Une autre ambiguïté de ce quartier-village, est que cette caractéristique n’est pas incompatible avec une large dimension d’ouverture. Le sentiment d’enfermement que certains éprouvent est ainsi atténué par le caractère « cosmopolite », non seulement des habitants mais des vies que ceux-ci mènent, ouvertes, pourrait-on dire, à l’international. Qu’il s’agisse des habitants d’origine immigrée, ou des nouveaux, du milieu artiste, dont beaucoup sont étrangers ou d’origine étrangère, les retours au pays ou les voyages à l’étranger sont fréquents. Les « lascars » aussi sont très « ouverts à l’international ». Ceux qui réussissent sont ceux qui parviennent à quitter le petit bizness local, pour réinvestir dans des contrées lointaines, où plusieurs ont monté des affaires légales. Dans les conversations, il est souvent question d’untel qui n’est pas là en ce moment qui est parti dans tel pays ou qui est de retour de tel ou tel voyage.

Telles étaient les caractéristiques de ce quartier qui le distinguaient encore du quartier parisien plus banal. La deuxième vague de nouveaux habitants risque-t-elle de faire disparaître cette spécificité. C’est ce que craint par exemple André :

« Les artistes c’est eux qui déblaient le quartier, ils prennent les gnons ..ce sont eux qui vont arranger, qui vont donner un peu de cachet ….et après on a les nouveaux riches qui arrivent et finissent par virer les artistes. »

Mais les « nouveaux riches » ne sont pas encore arrivés en masse, même si le taux de rotation est assez élevé, surtout parmi les plus jeunes des nouveaux habitants, qui poursuivent leur trajectoire résidentielle, comme Fabrice, qui a déménagé depuis la fin de l’enquête. Gaëlle aussi envisage de bientôt partir :

« J’ai jamais envisagé de rester ici 10 ans…je vais faire ma grosse capitaliste…le but du jeu c’était aussi de dire « je retape cet appart, dans la perspective de revendre et de racheter plus grand, le pari c’était que le quartier se rénove et se réhabilite .., qu’il y ait des gens comme moi qui rachètent des ruines et qui refassent des trucs à peu près corrects.. c’était pas gagné non plus au départ… C’est devenu hyper branchouille.. »

Ceux qui les remplacent Fabrice ou Gaëlle ont toutes les chances d’être des étudiants, ou des jeunes couples en début de trajectoire résidentielle, les grandes surfaces étant rares. Ils auront encore à supporter les difficultés du quartier, immeubles dont les travaux sont loin d’être tous menés à bien pour avoir un aspect décent, bruits et promiscuité avec des voisins difficiles ( les « lascars »). Et même si les cafés de la place commencent à être « branchés », les restaurants de la rue A et B, ne le sont encore guère. La gentrification du quartier n’en est donc encore qu’à sa première étape, celle des pionniers, qui sont prêts à supporter les inconvénients de l’habitat et du quartier, pour en avoir aussi les avantages, sa situation centrale dans la ville, un « entre-soi » rassurant et mobilisable.

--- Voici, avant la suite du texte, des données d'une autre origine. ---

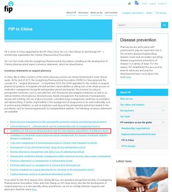 近日,國際藥學聯(lián)合會(FIP)在其全球網(wǎng)站(www.fip.org)開設(shè)的“Pharmacy in China”專欄(https://www.fip.org/pharmacy-in-china)中,全文刊登了由中山大學腫瘤防治中心藥學部劉韜主任及其團隊主筆的《Guidelines for full-process ...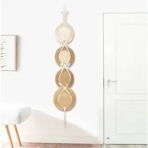 Stylish hanging organizer with cream and tan hats. Perfect for organizing and displaying hats.
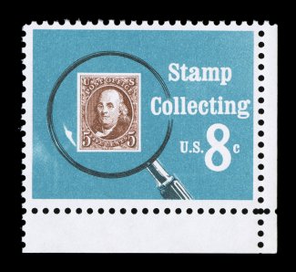 845 nh 1474a image#1474a, 8c Stamp Collecting, black (lithography) omitted, bottom right corner margin single, o.g., n.h., very fine; an error with great thematic appeal. (Image) $550.00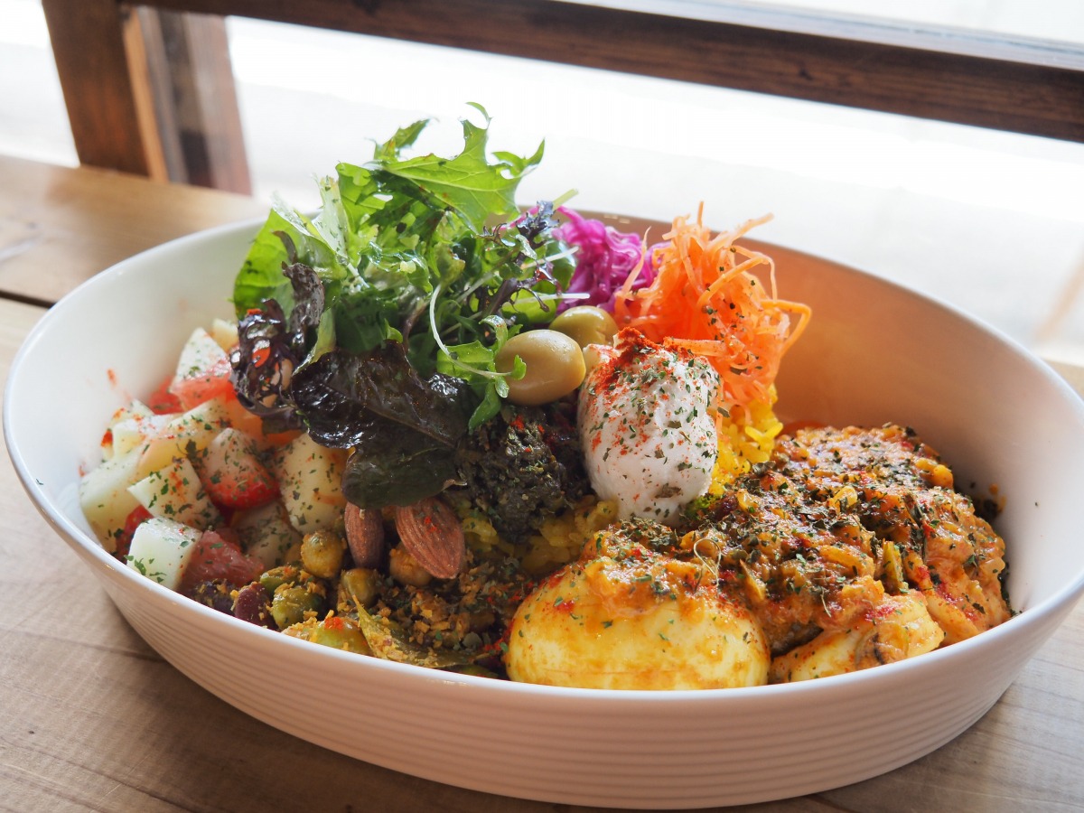 プリプリの海老が入ったキーマカレー、サラダ、ゆでたまご、水切りヨーグルト、ナッツ、果物などがワンプレートになって、様々な味わいが楽しめるひと品です。

Si nous reprenons la comparaison que nous évoquions en ouverture de ce rapport, celle de la situation du quartier du faubourg Saint-Antoine autour du marché d’Aligre, au début des années mille neuf cent quatre-vingt, à l’arrivée de nouvelles classes moyennes, on peut constater que l’ « entre soi » des nouveaux à Sainte- Marthe aujourd’hui est sans doute plus affirmé. Bien qu’il y ait de réelles « rencontres » et « échanges » de classes à Sainte-Marthe, ceux-ci s’inscrivent dans un contexte social beaucoup plus conflictuel. Le quartier d’Aligre à l’époque n’abritait pas de façon tangible de trafic de drogues. Mais dans la mesure où vivre à Sainte- Marthe demande aussi mobilisation et énergie, celle de vivre avec ou malgré la présence des lascars, les nouveaux résidents, artistes ou autres intermittents, ne se sentent jamais illégitimes dans la valorisation qu’ils estiment avoir apporté à ce quartier « difficile ». Ils ont au contraire le sentiment d’ « essuyer les plâtres » et d’avoir payé plus que monétairement l’amélioration des conditions de vie dont tous bénéficient, ou vont bénéficier, y compris parmi les ménages populaires.